Бражинскому показали коренастого, плотно сбитого капитана из Тессина, тот сильно пах септиком. Бражинский попросил его показать ему глаза и установил, что у капитана типичное воспаление, вызванное плохим воздухом в поперечных туннелях и всеобщей антисанитарией. Брат-чива, простой солдат, принес медицинский саквояж. Бражинский промыл глаза капитана раствором борной кислоты и закапал ему немного кокаина и слабый раствор сульфата цинка. Тессинец, глаза которого спустя несколько минут снова просветлились, чуть не плакал от переполнявшей его благодарности. Он прикоснулся костяшкой безымянного пальца к краю глаза, схватил руку Бражинского и прижал ее к сердцу, как это делают итальянцы; Бражинскому, как показалось, этот жест был неприятен, ньянджа и я, напротив, были тронуты.

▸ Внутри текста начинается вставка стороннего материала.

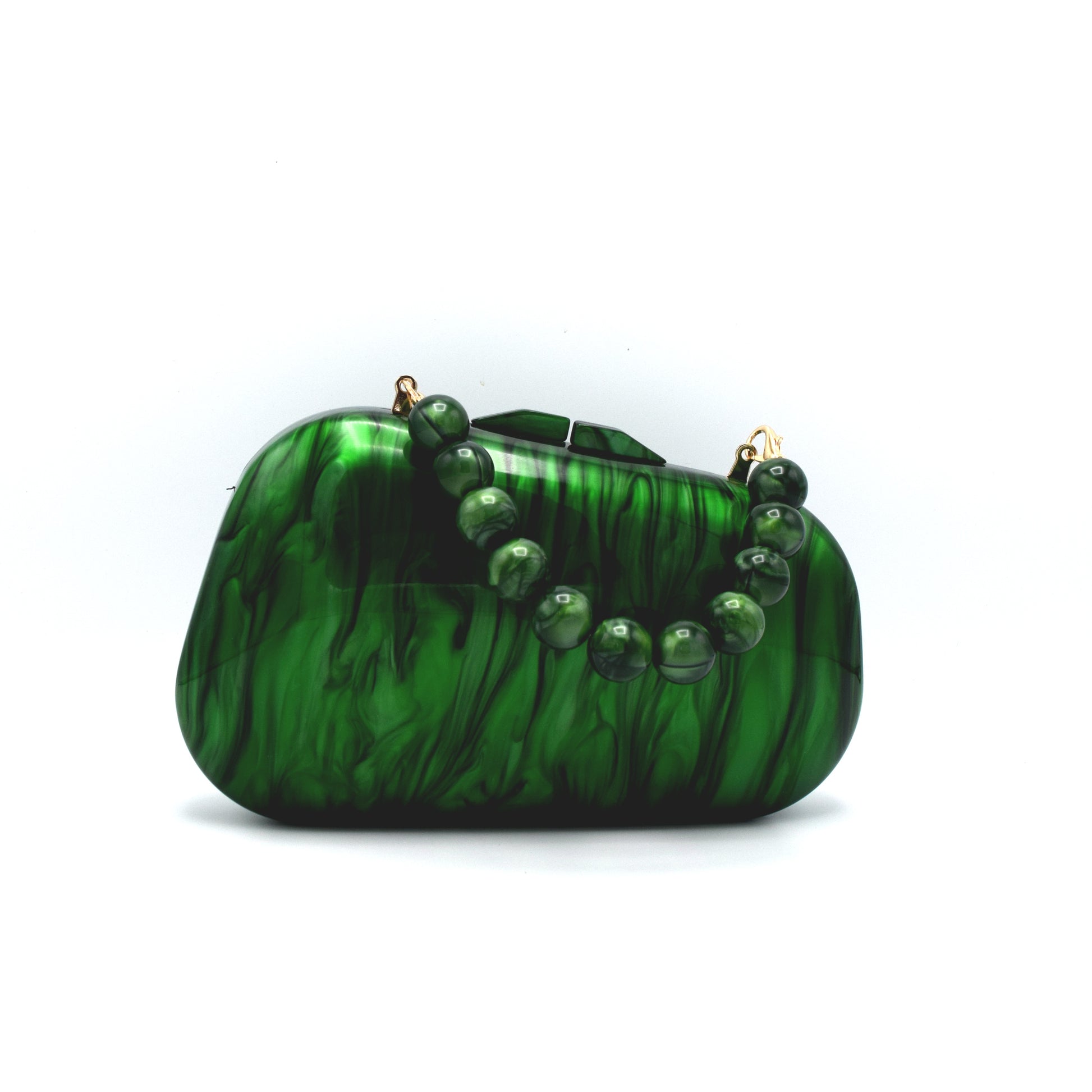The Émera Clutch embodies refined power and timeless allure, a deep green masterpiece crafted from premium marbled acrylic that glows like polished emerald stone. Designed with a smooth rounded silhouette and a beaded handle, it merges sophistication with contemporary flair. Perfect for evening wear, weddings, and statement moments, Émera is the ultimate luxury green acrylic bag for women who love bold elegance.

Другой офицер, лейтенант, медленно, но непрерывно отравлял себя ауротерапией. На протяжении многих лет он вкалывал себе соли золота, со временем организм перестал справляться с их переработкой и выведением, кожа и глаза больного приобрели искусственный зеленый оттенок, в точности как позеленевшие от влажности медные крыши церквей в Англии и Германии. Лейтенант носил приталенную светло-серую униформу из непромокаемого сукна, поверх нее — вощеную зеленую куртку с такой же клетчатой подкладкой. Он сидел в кресле в конце коридора, флегматично откинувшись назад, широко расставив ноги, в тапочках из валяного войлока. Он был ярко выраженным гомосексуалистом. Сначала Бражинский провел поверхностный осмотр, а затем, с дотошной основательностью, постучал капитану маленьким молоточком по колену, чтобы проверить его исчезающие рефлексы, и мягко приложил ладонь к влажному лбу. Он ничего не мог больше сделать для капитана, кроме как дать тому несколько ампул морфия, зная, что несколько дней спустя офицер умрет от передозировки золота.

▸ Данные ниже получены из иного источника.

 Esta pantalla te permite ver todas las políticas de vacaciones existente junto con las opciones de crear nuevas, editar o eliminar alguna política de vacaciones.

Мы покинули смотровую комнату, Бражинский был подавлен и изнурен, потому что уже ничего не мог сделать для больного. Хотел ли он наказать себя за что-то, или же это было его истинной сущностью; был ли он одним из тех альтруистичных, постоянно сомневающихся в органическом мире скептиков, отвергающих болезнь и смерть? Я не знал этого, я не мог его оценить. Иногда он казался мне какой-то машиной, специальной аппаратурой, швейцарским часовым механизмом.
В спальне Бражинского было маленькое окно, через которое можно было смотреть на горный мир, кроме того, на стенах туг и там висели десятки акварелей и картин маслом, изображавшие горные ландшафты в кошмарных цветах. Когда однажды я спросил его о них, он ответил, что все они принадлежат кисти Николая Рериха, у которого имелось в Редуте свое ателье. Он, Бражинский, любит эти видения художника, его интерпретации кажущегося бесконечным мира гор — это путь, к сожалению, недоступный нам из-за остающихся закрытыми мембран. Так значит, тот самый Рерих тоже здесь? Ну да, естественно, не желаю ли я с ним познакомиться? Он работает совсем неподалеку, в часе ходьбы отсюда или десяти минутах на вагонетке.
На выступающем из скалы бетонном балконе и в самом деле стоял перед мольбертом знаменитый художник и, тщательно выверяя движения, сощурив при этом глаза в маленькие щелки, работал маслом над пейзажем горного массива в зелено-розовых тонах. На нем была меховая шуба из желтых собачьих шкур, во время работы он жевал разноцветные кусочки сахара, лежавшие маленькой пирамидкой рядом с палитрой.
— Рерих, это один из наших лучших офицеров, — сказал Бражинский и своим голосом заставил меня сделать шаг вперед.
— Только посмотрите, комиссар, какие краски мы здесь видим. — Рерих подозвал меня жестом к себе, к каменной балюстраде, и я взглянул вниз, на долину, в пурпурную даль бледнеющего горизонта. — Какие краски, комиссар, здесь, в Швейцарии! Вот здесь, например, светло-розовый цвет горной вершины, под гребнем хребта, вон там, видите, Снегурочка вы моя, — розовый! Потом — оранжевый, оранжевый, черный, какого не бывает в природе. Даже вы не такого цвета. Ваша кожа темно-коричневая. Есть только темно-коричневый цвет. Так. После этого мы пойдем к хиндустанцам, в тайную миротворческую миссию, да, Бражинский? — Он сунул в рот кусочек сахара и элегантным движением провел кисточкой наискосок вверх, а затем в сторону, погружая склон горы в глубокую, синюю тень ночи.